Static on the Dream Phone
Link: Static on the Dream Phone
"Verizon announced last month that it will open its network to ‘any application and any device’ by the end of next year.
But while Verizon’s pledge sounds promising, the language in which it is couched makes me wonder whether Verizon understands what a true open platform looks like. The announcement states that ‘the company will publish the technical standards the development community will need to design products to interface with the Verizon Wireless network,’ and that ‘devices will be tested and approved in a $20 million state-of-the-art testing lab.’ It’s not yet clear what standards developers will need to follow to write applications that work with both the device and the network, and who will control those standards.
This is not ‘open.’ It’s just a little less closed. A true open platform like the Internet doesn’t have certification of trusted devices or applications. Developers get to do anything they want, with the marketplace as their only judge and jury."
Tim O’Reilly in an op-ed in today’s New York Times makes the argument that if a developer has to ask permission to write an application on a given platform, that platform isn’t really open. This notion is one of the ten principles for platforms that I laid out in 2006 when I started Platform Associates.
As companies attempt to reap the benefits of open platforms, I’m seeing more and more situations where companies release fake open platforms — attempting to benefit from the momentum of platforms without performing the necessary activities to become an actual open platform. In Verizon’s case, one wonders what they think that "any device and any software" is supposed to mean.
Unfortunately for them, fake platform companies are also missing out on the benefits. When I’m engaging with a company that wants to provide a platform, I try to keep it positive and emphasize the benefits to openness, rather than focusing on the horrible credibility problems that happen when you say you’re open but really aren’t.
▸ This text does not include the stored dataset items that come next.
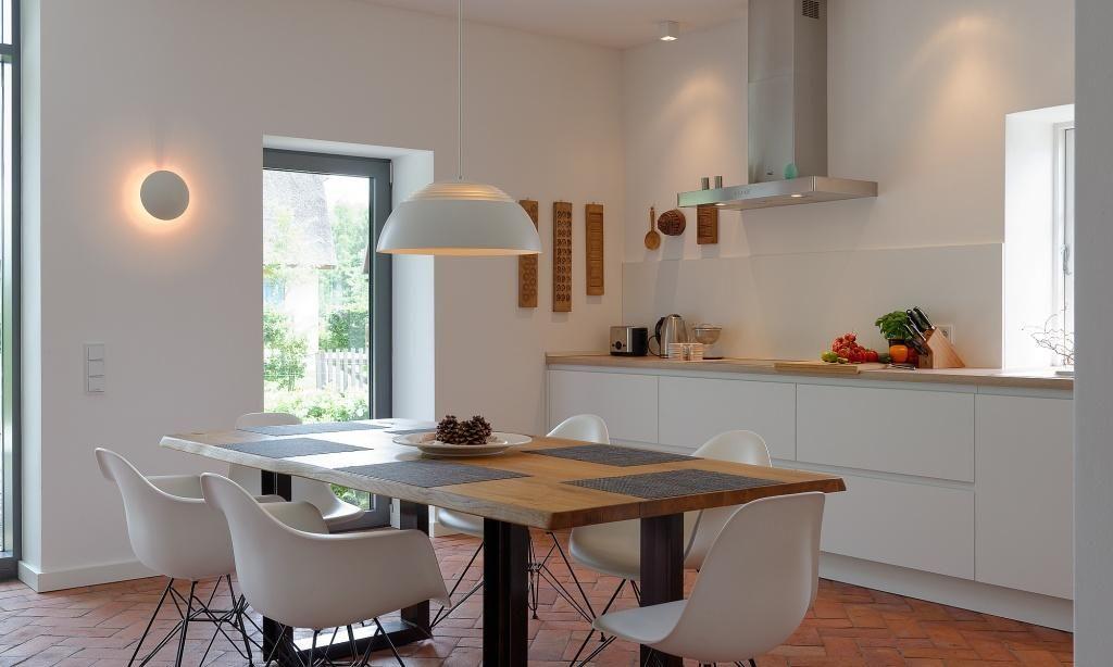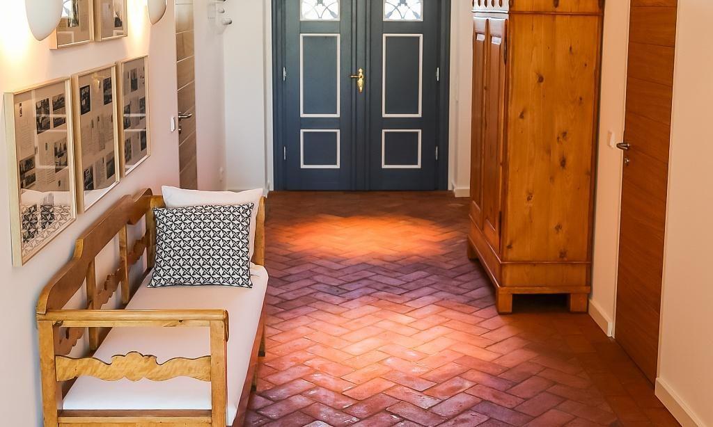 Das heutige Haus ist auf dem Grundriss eines historischen Hallenhauses aus den 1790-iger Jahren erbaut. Den Eigentümern war es wichtig, die Charakteristiken des ehemaligen Bauernhauses zu bewahren - und das nicht nur im äußeren Erscheinungsbild mit Fachwerk, Sprossenfenstern, Klappläden und traditionellen Darßer Haustüren. Auch im Inneren finden sich Zitate, die an das ehemalige Haus erinnern: die große Eingangshalle mit Blick bis in den Garten, die Böden aus handgeformtem Cotto oder auch antike Möbel. Auf modernen Komfort musst du natürlich nicht verzichten: Bodengleiche Duschen, eine exklusive Einbauküche, ein großer Kamin sowie Fußbodenheizung gehören ebenso zur Ausstattung. Die Erdgeschosswohnung verfügt über großzügige 120 Quadratmeter. Tritt ein in den großzügigen Wohnbereich mit einer gemütlichen Sitzecke am Kamin und einem einladenden Essbereich. Die Einbauküche ist sehr exklusiv und komplett ausgestattet. Es erwartet dich außerdem ein Schlafzimmer mit einem Doppelbett (180 cm) und einem Bad en Suite mit einem Doppelwaschtisch und Dusche/WC sowie ein weiteres Schlafzimmer mit Doppelbett (180 cm) und ein separates Bad mit Dusche/WC.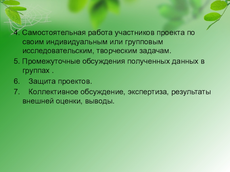 4. Самостоятельная работа участников проекта по своим индивидуальным или групповым исследовательским,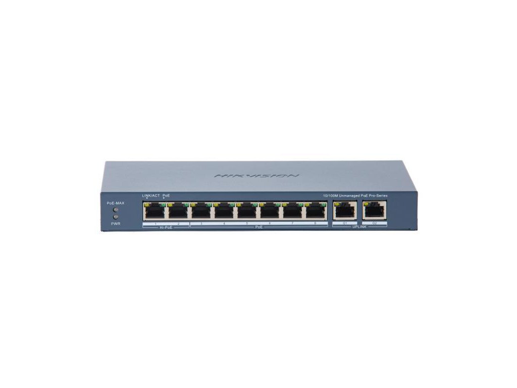 - 8 × 10/100 Mb/s PoE portů, 2 × gigabitové porty RJ45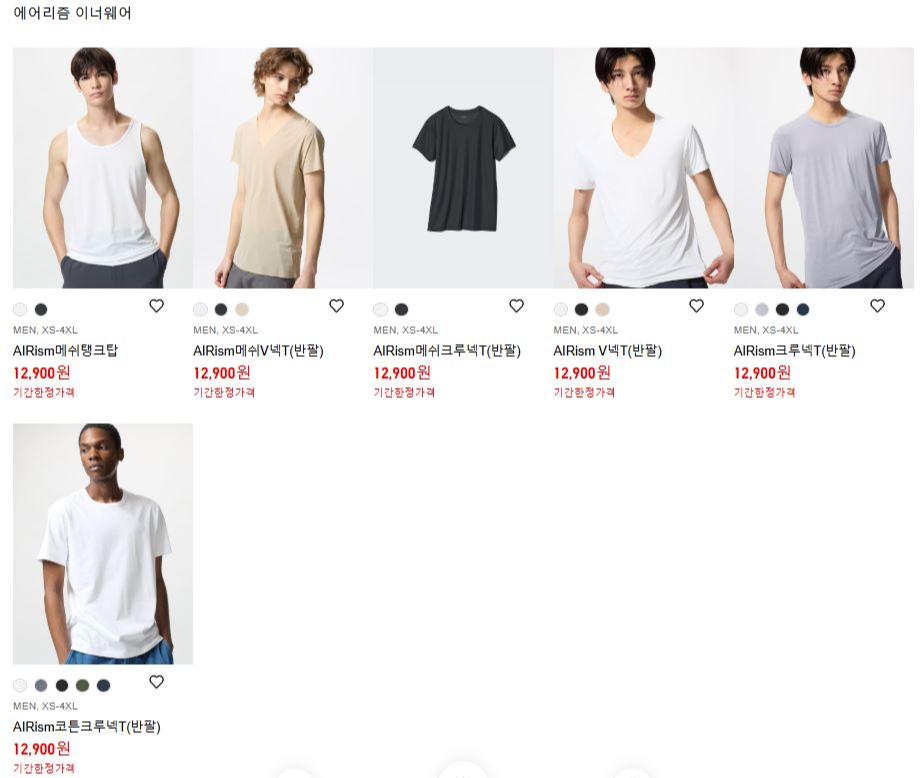 ✅유니클로 에어리즘 이너웨어 14,900 > 12,900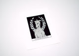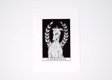 This gorgeous two color screen print is Joelle's interpretation of The Hierophant card from the Major Arcana of the tarot deck. Equal parts playful and symbolic it’s the perfect piece of decor for those who love to consult the cards. Printed in a deliciously shimmery silver metallic ink that delights up close. A great size for adorning a small space or grouping together for a gallery wall look.

For example, a lot of big companies hire teams of business development specialists to trawl for partnership opportunities. What if these opportunities simply came to you? Similarly, most companies (even very large ones) have difficulty performing all the engineering work necessary to keep every kind of customer happy. What if you gave customers the ability to do this work themselves? And so on, and so forth.
Platforms that use the term "open" without actually being open do so at their peril, but they’re also missing out on huge opportunities.